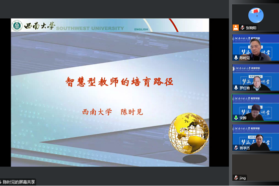 2022年12月1日,西南大学副校长陈时见教授应邀做客我校教育学部“梦瀛名家讲堂”,作题为“智慧型教师的培育路径”学术报告。报告会通过线上方式进行,由副校长宋晔教授主持。教育学部负责人、部分教师及研究生300人共同聆听了此次报告。
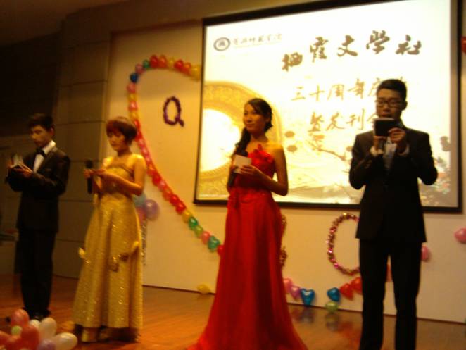 庆典在柔美的歌舞中拉开序幕,胡院长提出“文学是人生的追求,它让你在生活中保持一种浪漫”,并对栖霞文学社三十年来的累累硕果表示肯定,对栖霞文学社未来发展寄予希望。余书记饱含深情地回顾了《栖霞》的历史,“因为坚守,创造栖霞辉煌”,对《栖霞》传承与创新提出了新的要求;夏教授号召栖霞文学社广泛团结爱好文学者,让更多的高年级同学能够参与进来。随后,一首真情流露的《栖霞颂》以及“栖霞,我有话对你说”为主题的纪录片都表达了社员们对《栖霞》的深深爱恋,更是借此向《栖霞》说声生日快乐。“学到该学的,给我们能给的”是《栖霞》社长的一句话,更是《栖霞》每个成员的宗旨。
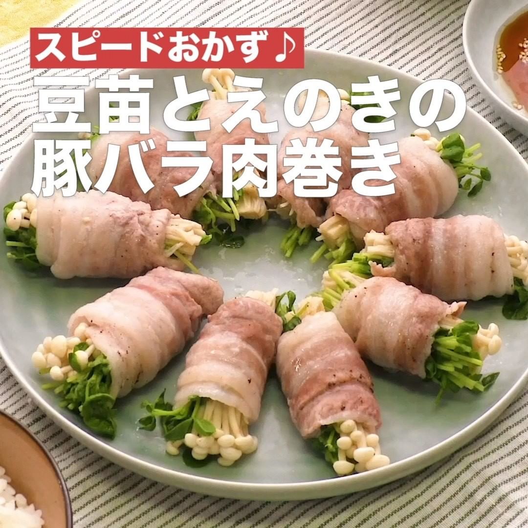 ⑤<スピードおかず♪豆苗とえのきの豚バラ肉巻き>
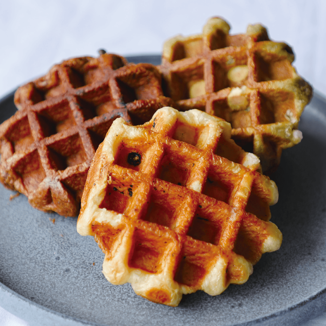 岐阜県産小麦粉と地元で作られた牛乳・卵を使用したベルギーワッフルを3名に。外はカリッと中はしっとり。他フレーバーもおすすめ!
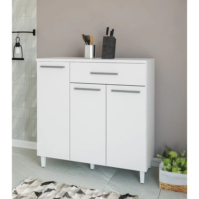 O Armário Balcão Multiuso com Tampo da Móveis Paraná possui belíssimo design e é compacto, se adaptando a qualquer ambiente, como cozinhas, copa, área gourmet e áreas de serviço. Ele possui 03 portas e 01 gaveta, além de seu amplo espaço interno com prateleiras e divisórias, sendo ótimo para organização de utensílios e mantimentos.
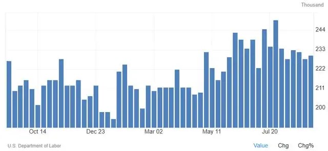 与PPI同时发布的另一组数据显示,截至9月7日的一周,美国季调后首次申请失业救济金的人数为23万人,与市场预期一致,前一周的数字从22.7万人上调至22.8万人。
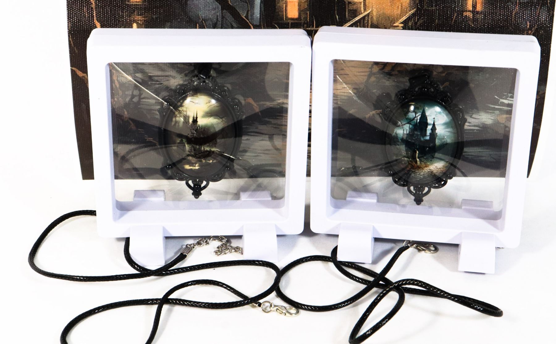 POSTER 8" X 12" COMES IN PLASTIC TUBE. COMES WITH 2 SIMILAR PENDANT NECKLACE IN FLOATING DISPLAY CASE WITH STANDS
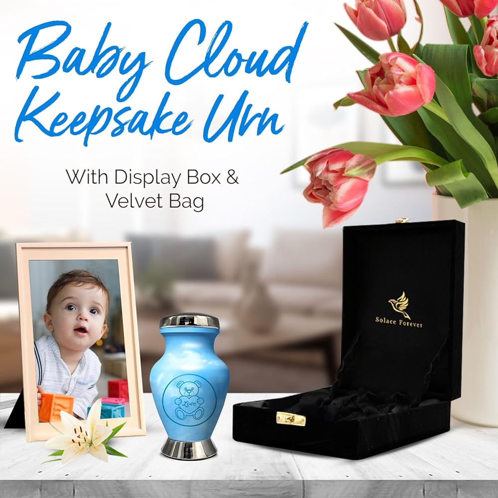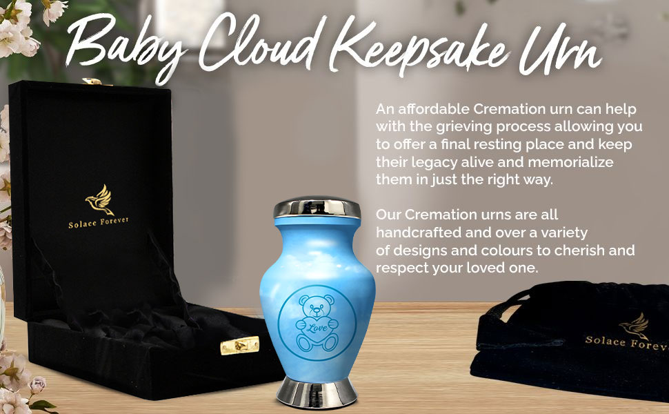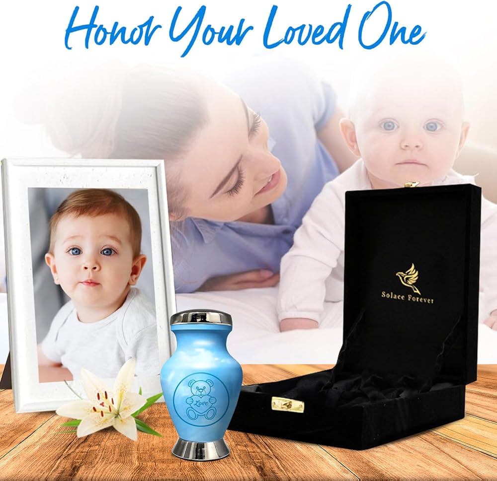 جرة تذكارية مصنوعة يدويًا للطفل الرضيع: تم تصنيع جرة الرضيع لرماد الطفل الرضيع يدويًا لتقديم المنتج الأكثر تميزًا. هذه الجرة الفريدة من نوعها للرماد للطفل الرضيع سوف تعتز بعلاقتك الخاصة مع أحبائك. الجرة التذكارية الزرقاء مصنوعة يدويًا، يمكن أن تحدث عيوب/اختلافات صغيرة وهي جزء من جودة المنتج المصنوع يدويًا.

════════════════

== Exercise requirements ==
Take the records from their first line through the line containing "CASE WITH STANDS" and please return exactly those lines, both ends included, minus the pictures.

== Reply ==
 2022年12月1日,西南大学副校长陈时见教授应邀做客我校教育学部“梦瀛名家讲堂”,作题为“智慧型教师的培育路径”学术报告。报告会通过线上方式进行,由副校长宋晔教授主持。教育学部负责人、部分教师及研究生300人共同聆听了此次报告。
 庆典在柔美的歌舞中拉开序幕,胡院长提出“文学是人生的追求,它让你在生活中保持一种浪漫”,并对栖霞文学社三十年来的累累硕果表示肯定,对栖霞文学社未来发展寄予希望。余书记饱含深情地回顾了《栖霞》的历史,“因为坚守,创造栖霞辉煌”,对《栖霞》传承与创新提出了新的要求;夏教授号召栖霞文学社广泛团结爱好文学者,让更多的高年级同学能够参与进来。随后,一首真情流露的《栖霞颂》以及“栖霞,我有话对你说”为主题的纪录片都表达了社员们对《栖霞》的深深爱恋,更是借此向《栖霞》说声生日快乐。“学到该学的,给我们能给的”是《栖霞》社长的一句话,更是《栖霞》每个成员的宗旨。
 ⑤<スピードおかず♪豆苗とえのきの豚バラ肉巻き>
 岐阜県産小麦粉と地元で作られた牛乳・卵を使用したベルギーワッフルを3名に。外はカリッと中はしっとり。他フレーバーもおすすめ!
 O Armário Balcão Multiuso com Tampo da Móveis Paraná possui belíssimo design e é compacto, se adaptando a qualquer ambiente, como cozinhas, copa, área gourmet e áreas de serviço. Ele possui 03 portas e 01 gaveta, além de seu amplo espaço interno com prateleiras e divisórias, sendo ótimo para organização de utensílios e mantimentos.
 与PPI同时发布的另一组数据显示,截至9月7日的一周,美国季调后首次申请失业救济金的人数为23万人,与市场预期一致,前一周的数字从22.7万人上调至22.8万人。
 POSTER 8" X 12" COMES IN PLASTIC TUBE. COMES WITH 2 SIMILAR PENDANT NECKLACE IN FLOATING DISPLAY CASE WITH STANDS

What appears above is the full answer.